- Chammeh Location within Iran
- Coordinates: 36°39′55″N 48°57′23″E﻿ / ﻿36.66528°N 48.95639°E
- Country: Iran
- Province: Zanjan
- County: Soltaniyeh
- District: Bagh Helli
- Rural District: Qarah Bolagh

Population (2016)
- • Total: 10
- Time zone: UTC+3:30 (IRST)

= Chammeh, Zanjan =

Village in Zanjan province, Iran

Chammeh (چمه) (Note: Also romanized as Chameh; also known as Chamba) is a village in Qarah Bolagh Rural District of Bagh Helli District in Soltaniyeh County, Zanjan province, Iran.

==Demographics==
===Population===
At the time of the 2006 National Census, the village's population was 24 in 11 households, when it was in Soltaniyeh Rural District of the former Soltaniyeh District in Abhar County.
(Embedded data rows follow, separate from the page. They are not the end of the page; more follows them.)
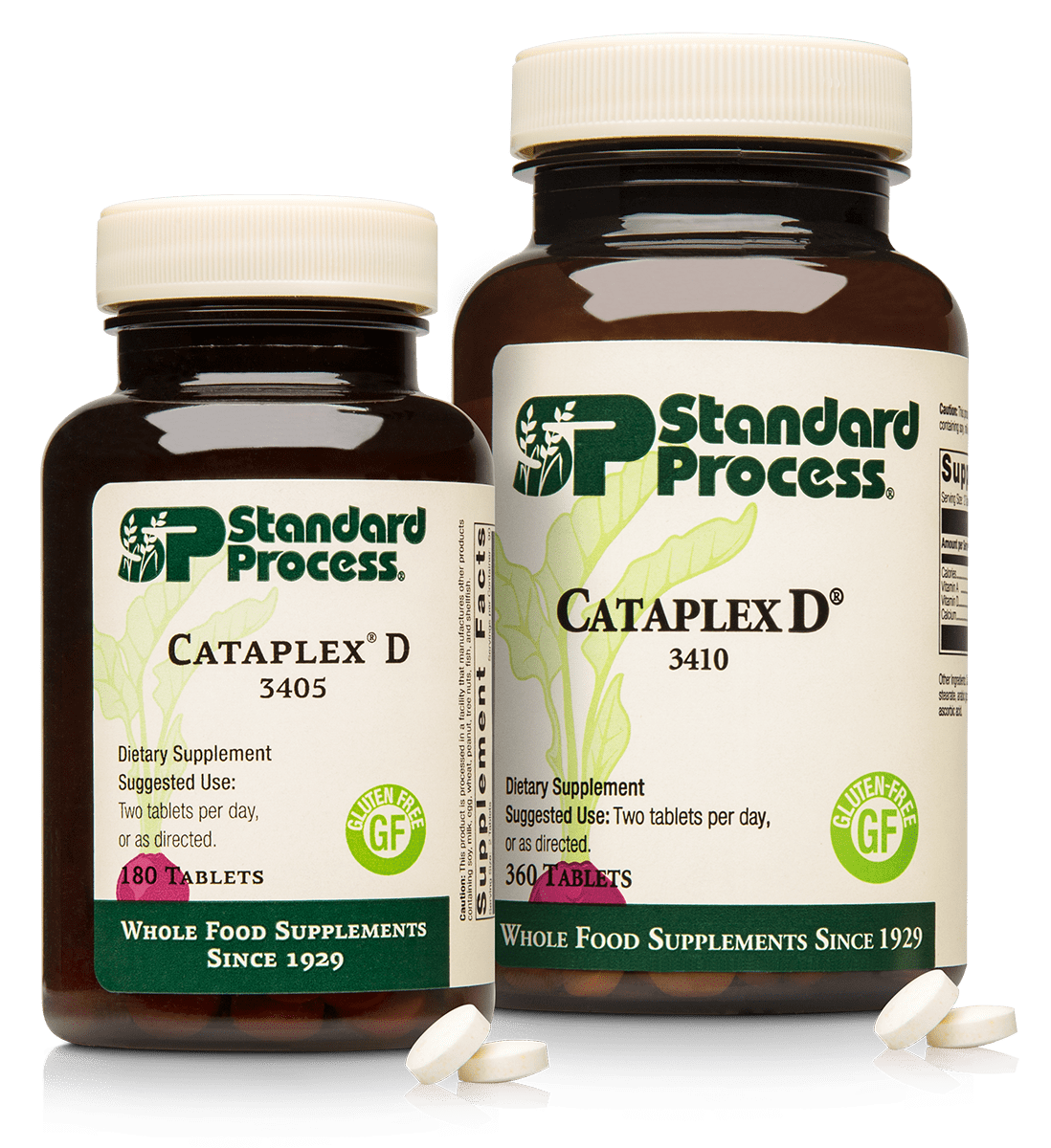 - Cataplex D provides vitamin D, which helps control blood levels of calcium and phosphate, which are raw materials used by bone-forming cells to produce woven bone for growth and normal repair. Vitamin D maintains calcium and phosphate levels to ensure correct mineralization of bones and plays a crucial role in development and maintenance of a healthy skeleton. Vitamin D also plays a role in calcium absorption. The absorption of calcium in the intestine is regulated by vitamin D, and vitamin D deficiency causes reduced calcium absorption in the gut. Vitamin D requires several other nutrients for assimilation, including calcium and vitamin A. The human body contains more calcium than any other mineral. Approximately 99 percent of that calcium is used in the bones and teeth.
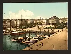 The name of the town was attested in 1489, even before it was founded by François I in the form le Hable de Grace then Ville de Grace in 1516, two years before its official founding.[11] The learned and transient name of Franciscopolis in tribute to the same king, is encountered in some documents then that of Havre Marat, referring to Jean-Paul Marat during the French Revolution but was not imposed. However it explains why the complementary determinant -de-Grace was not restored.[11] This qualifier undoubtedly referred to the Chapel of Notre Dame located at the site of the cathedral of the same name. The chapel faced the Chapel Notre Dame de Grace of Honfleur across the estuary.[11] The common noun havre meaning "port" was out of use at the end of the 18th or beginning of the 19th centuries but is still preserved in the phrase havre de paix meaning "safe haven". It is generally considered a loan from Middle Dutch from the 12th century.[12] A Germanic origin can explain the "aspiration" of the initial h. Havre de Grace, Maryland, in the United States retains the "de Grace" from colonial times.
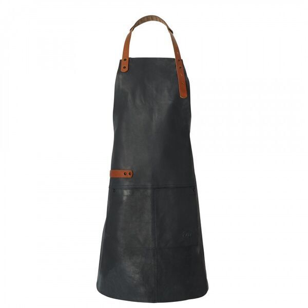 Tablier cuir à bavette. Tour de cou réglable. Rivets de renfort. Ceinture réglable avec possibilité de bloquer l’extrémité de la sangle ceinture. Grande double poche. Accroche torchon. Longueur : 84 cm

The following census in 2011 showed a population below the reporting threshold. The 2016 census measured the population of the village as 10 in five households, by which time the district had been separated from the county in the establishment of Soltaniyeh County. The rural district was transferred to the new Central District, and Chammeh was transferred to Qarah Bolagh Rural District created in the new Bagh Helli District.